**What you need to do**
Your task is to repeat the entries word for word while leaving out the pictures.

**Given data**
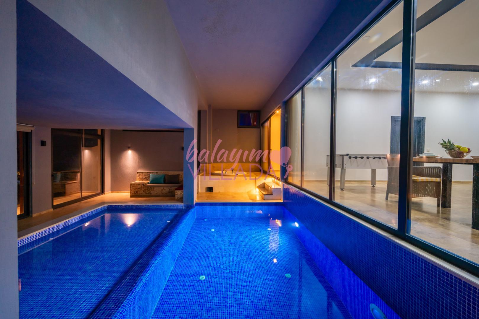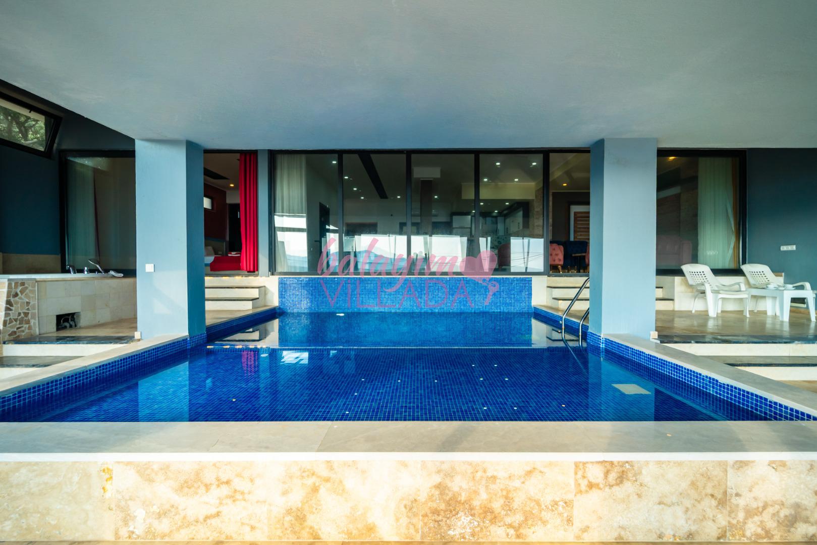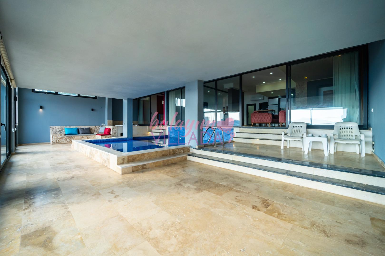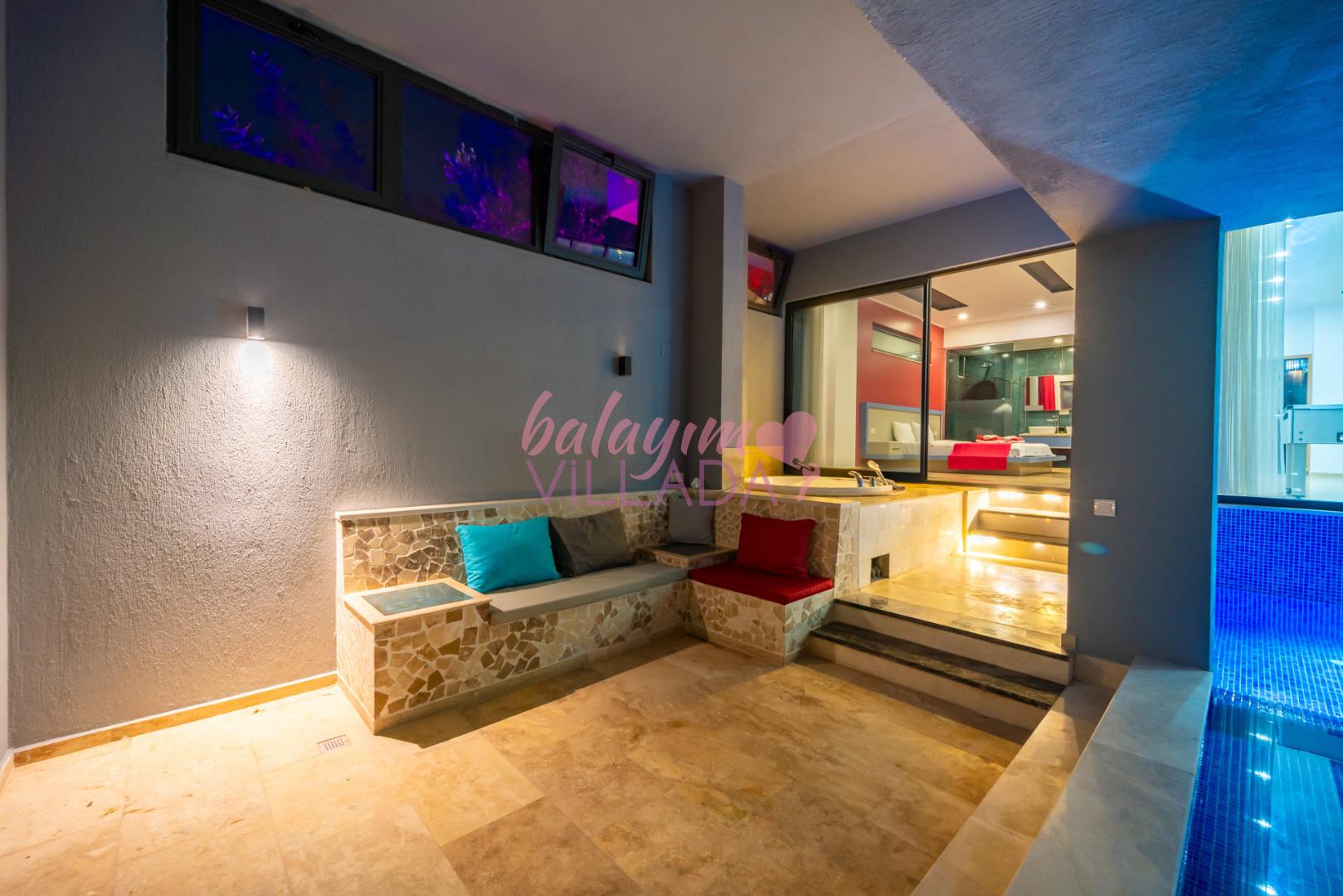 Villa Retro Duo, Kalkan merkezine yakın bir konum olan Kördere’de bulunuyor. Tek yatak odalı villamızda hamam, sauna, jakuzi, langırt, ısıtmalı havuz, sinema odası gibi çiftlerimizin keyifli bir tatil geçirmesi için seçenekler bulunuyor. Harika bir deniz manzarasına sahip olan villamız, balayına çıkmak isteyen çiftlerimiz için özel olarak hazırlandı. Villamızın havuzu iç tarafta bulunmaktadır ve üstü kapalıdır. Kış aylarında da ısıtma özelliği sayesinde keyifli bir tatil imkanı sunar. Villamız gözlerden uzak olmak isteyen çiftlerimiz için de oldukça idealdir.
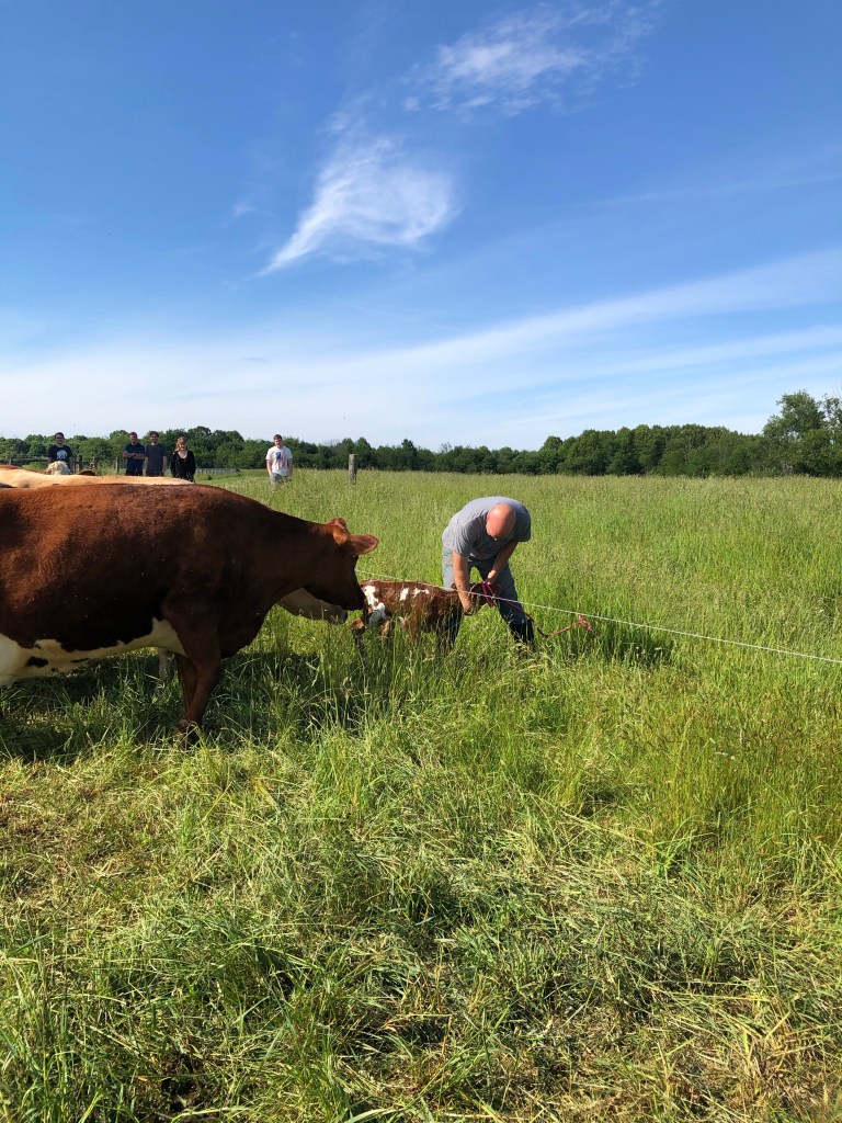 This is Sarge’s 6th calf for us. <Click here to read about when Sarge was born.> How fitting that Sarge had her calf on Memorial Day!🇺🇸 And <click here to read about the calf she had last year.>
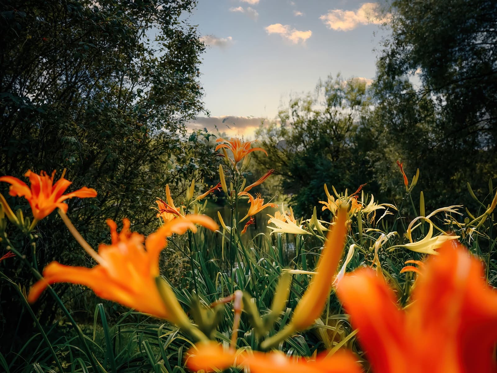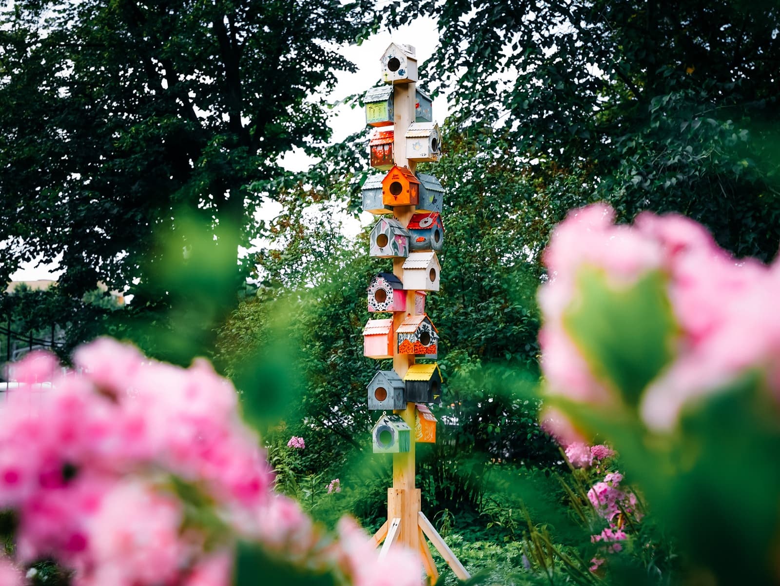 Весну открывает цветение ярко-жёлтой форзиции. Сакура распускается в конце апреля — начале мая всего на несколько дней, как и на родине, после чего зацветают рододендроны, спирея Вангутта и древовидные пионы.
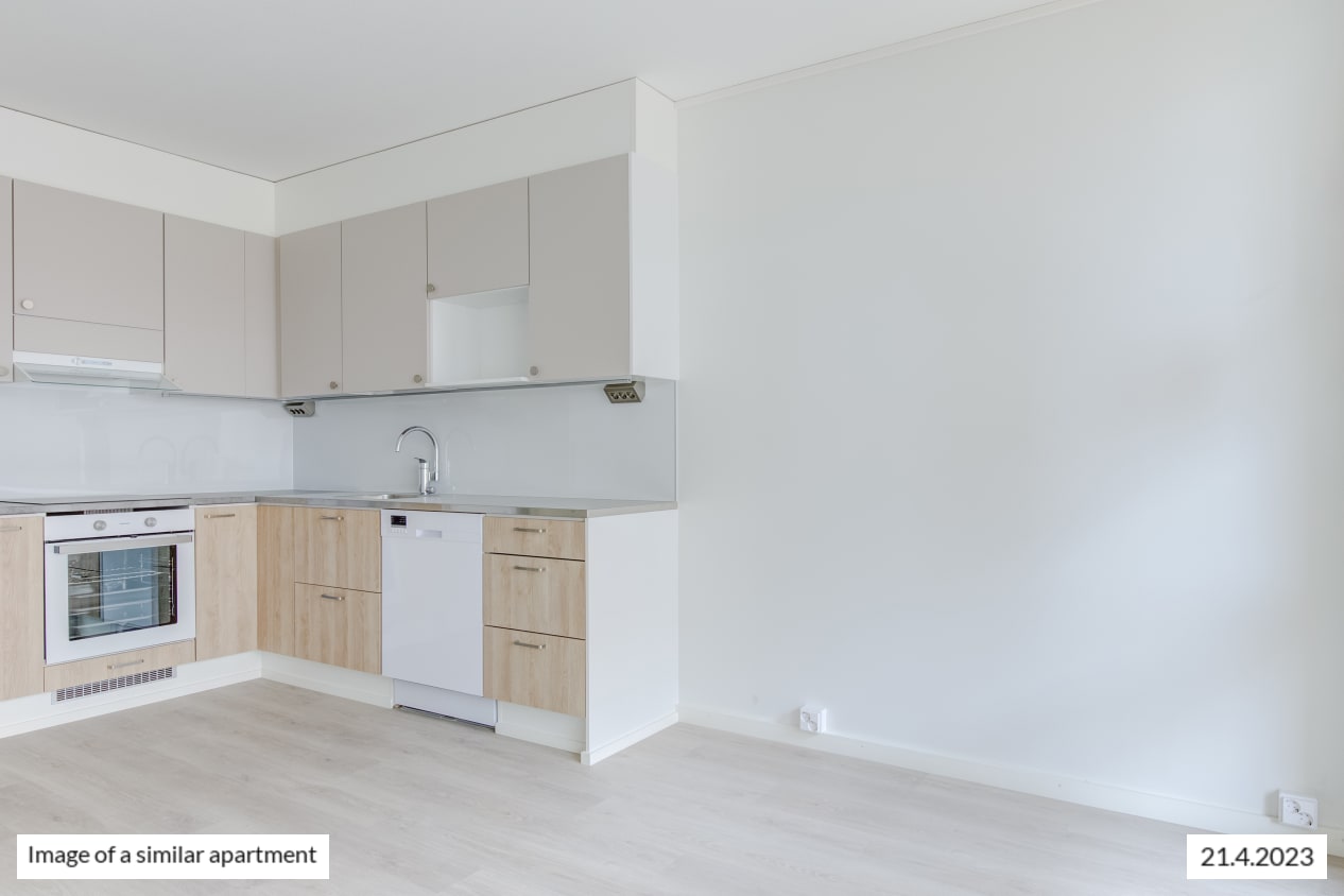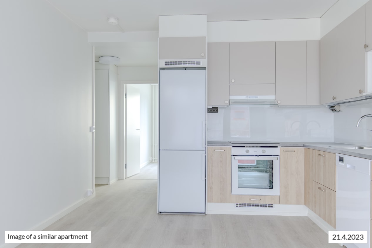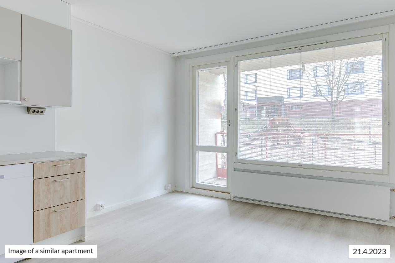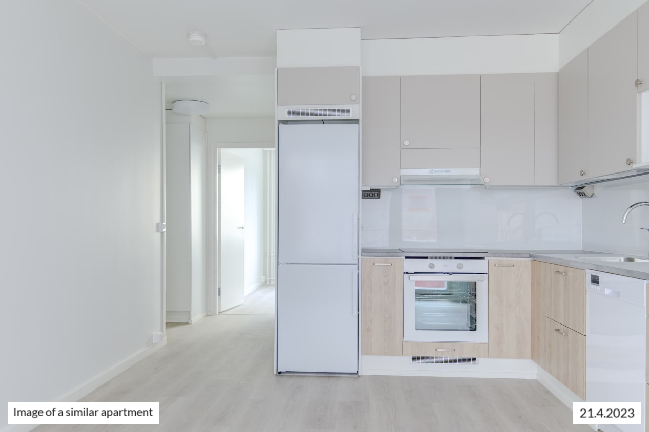 This smartly laid out two-bedroom home offers views of the building courtyard. The functional kitchen flows seamlessly into the living room. It is easy to separate the living space into lounging area and dining area and to extend the space to the glassed-in balcony in the summer. How about summertime breakfast on your balcony, listening to the homely sounds from the courtyard?
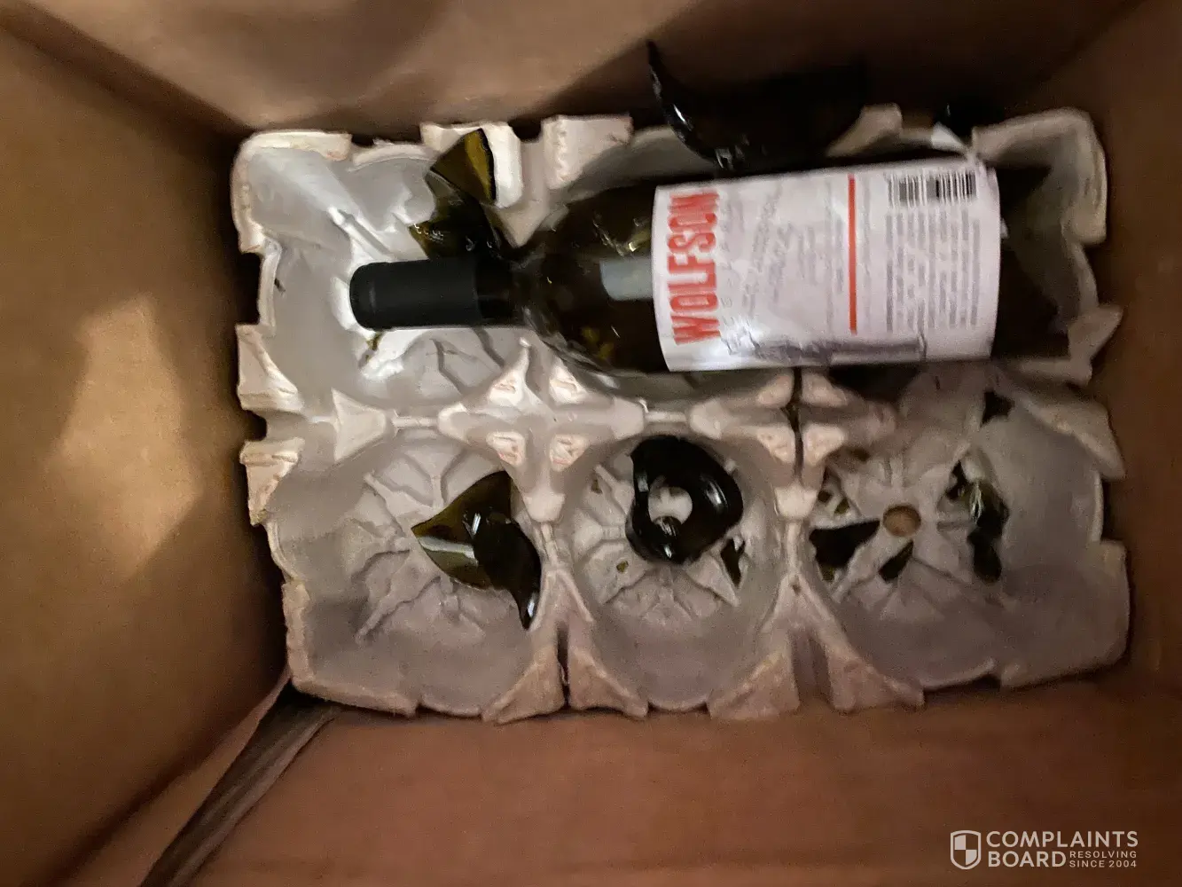 Delivery of 6 bottles of wine on Saturday, June 26. One bottle was broken: "Wolfson Cellars Red Blend California 2018" Item # NO1110.

**Response**
 Villa Retro Duo, Kalkan merkezine yakın bir konum olan Kördere’de bulunuyor. Tek yatak odalı villamızda hamam, sauna, jakuzi, langırt, ısıtmalı havuz, sinema odası gibi çiftlerimizin keyifli bir tatil geçirmesi için seçenekler bulunuyor. Harika bir deniz manzarasına sahip olan villamız, balayına çıkmak isteyen çiftlerimiz için özel olarak hazırlandı. Villamızın havuzu iç tarafta bulunmaktadır ve üstü kapalıdır. Kış aylarında da ısıtma özelliği sayesinde keyifli bir tatil imkanı sunar. Villamız gözlerden uzak olmak isteyen çiftlerimiz için de oldukça idealdir.
 This is Sarge’s 6th calf for us. <Click here to read about when Sarge was born.> How fitting that Sarge had her calf on Memorial Day!🇺🇸 And <click here to read about the calf she had last year.>
 Весну открывает цветение ярко-жёлтой форзиции. Сакура распускается в конце апреля — начале мая всего на несколько дней, как и на родине, после чего зацветают рододендроны, спирея Вангутта и древовидные пионы.
 This smartly laid out two-bedroom home offers views of the building courtyard. The functional kitchen flows seamlessly into the living room. It is easy to separate the living space into lounging area and dining area and to extend the space to the glassed-in balcony in the summer. How about summertime breakfast on your balcony, listening to the homely sounds from the courtyard?
 Delivery of 6 bottles of wine on Saturday, June 26. One bottle was broken: "Wolfson Cellars Red Blend California 2018" Item # NO1110.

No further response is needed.